Sarebbe bello se in questo anno giubilare noi riscoprissimo il valore di questa preghiera da fare in
famiglia e nelle nostre comunità. Nell’arte, spesso, la corona del rosario viene presentata come una
catena che tiene unite le persone e con la quale prendiamo coscienza di quella fune attaccata
all’ancora di salvezza che è già penetrata nel cielo con la morte e la risurrezione di Gesù. Ad essa
possiamo aggrapparci nelle tempeste della vita, come ci dice una bella storia.
In un villaggio vicino a un fiume, viveva una famiglia felice. Erano tre per il momento: il papà, la
mamma e un bambino di sei anni. La sera, prima di andare a letto, facevano la preghiera insieme e
un angelo del Signore ogni sera raccoglieva le preghiere e le portava in cielo. Un anno le piogge
erano state particolarmente abbondanti nel villaggio e il fiume si riempì d’acqua. Durante la notte,
l’acqua cominciò a entrare nella casa della famiglia e il papà svegliò la mamma e il bambino.
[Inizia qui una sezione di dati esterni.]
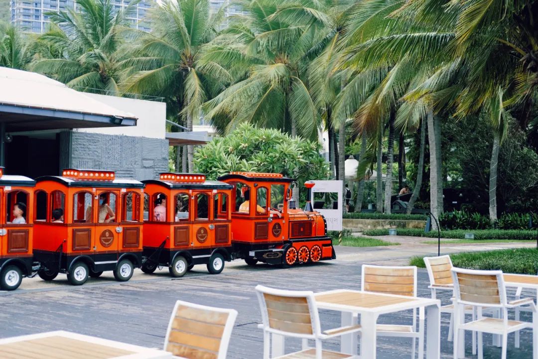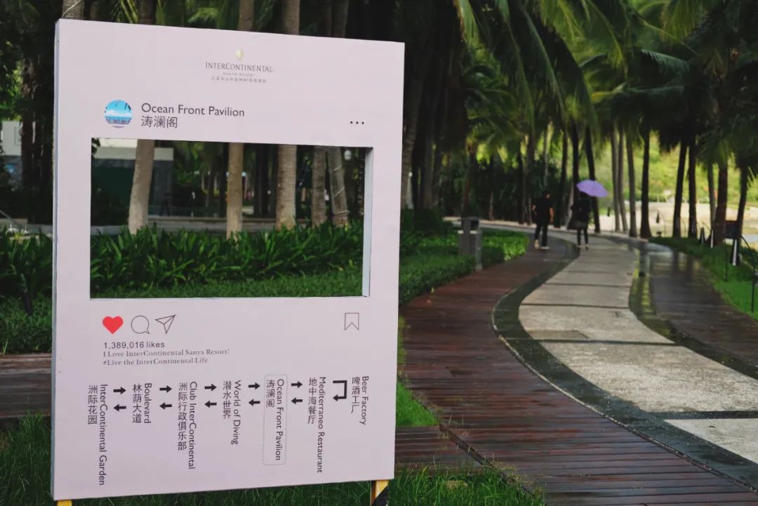 半山半岛洲际有条非常适合散步的沿海路,路上的ins指示牌将酒店内网红打卡点串联了起来,方便像酒店君这样的路痴认路,累了还能乘坐小火车绕行酒店一圈。

Disse loro: «Saliamo sul tetto!». Sul tetto, si sentivano come naufraghi su un’isola che diventava sempre
più piccola. Infatti, l’acqua continuava a salire e arrivò alle ginocchia del papà. Allora disse a sua
moglie: «Prendi il bambino tra le tue braccia e sali sulle mie spalle! Mettiti in piedi sulle mie spalle
e il bambino sulle tue. Non aver paura, qualunque cosa possa succedere io non ti lascerò».
La mamma baciò il bambino e gli disse: «Sali sulle mie spalle e non aver paura. Qualunque cosa
succeda, non ti lascerò». L’acqua continuava a salire e inghiottì il papà, la mamma e arrivò
all’altezza della fronte del bambino. L’angelo del Signore, che era venuto a raccogliere le preghiere
della sera, vide solo i capelli del bambino apparire in mezzo alle acque. Con un leggero movimento,
afferrò il bambino e tirò. Attaccati al bambino la mamma e il papà uscirono insieme dalle acque.
Nessuno aveva lasciato la presa. L’angelo volò via e posò dolcemente l’originale catena su una
collina alta, dove le acque non avrebbero mai potuto arrivare. Il papà, la mamma e il bambino si
baciarono pieni di gioia. Invece delle preghiere quella sera l’angelo portò in cielo il loro amore e la
moltitudine degli esseri celesti approvò con un forte applauso.
Ti ringraziamo Padre per averci chiamato oggi qui nella tua casa, come pellegrini di speranza.
Manda su di noi la forza dello Spirito Santo perché possiamo adorare il Signore Cristo nei nostri cuori ed essere così pronti a rispondere con dolcezza e rispetto, con una retta coscienza a chiunque
ci domandi ragione della speranza che è in noi.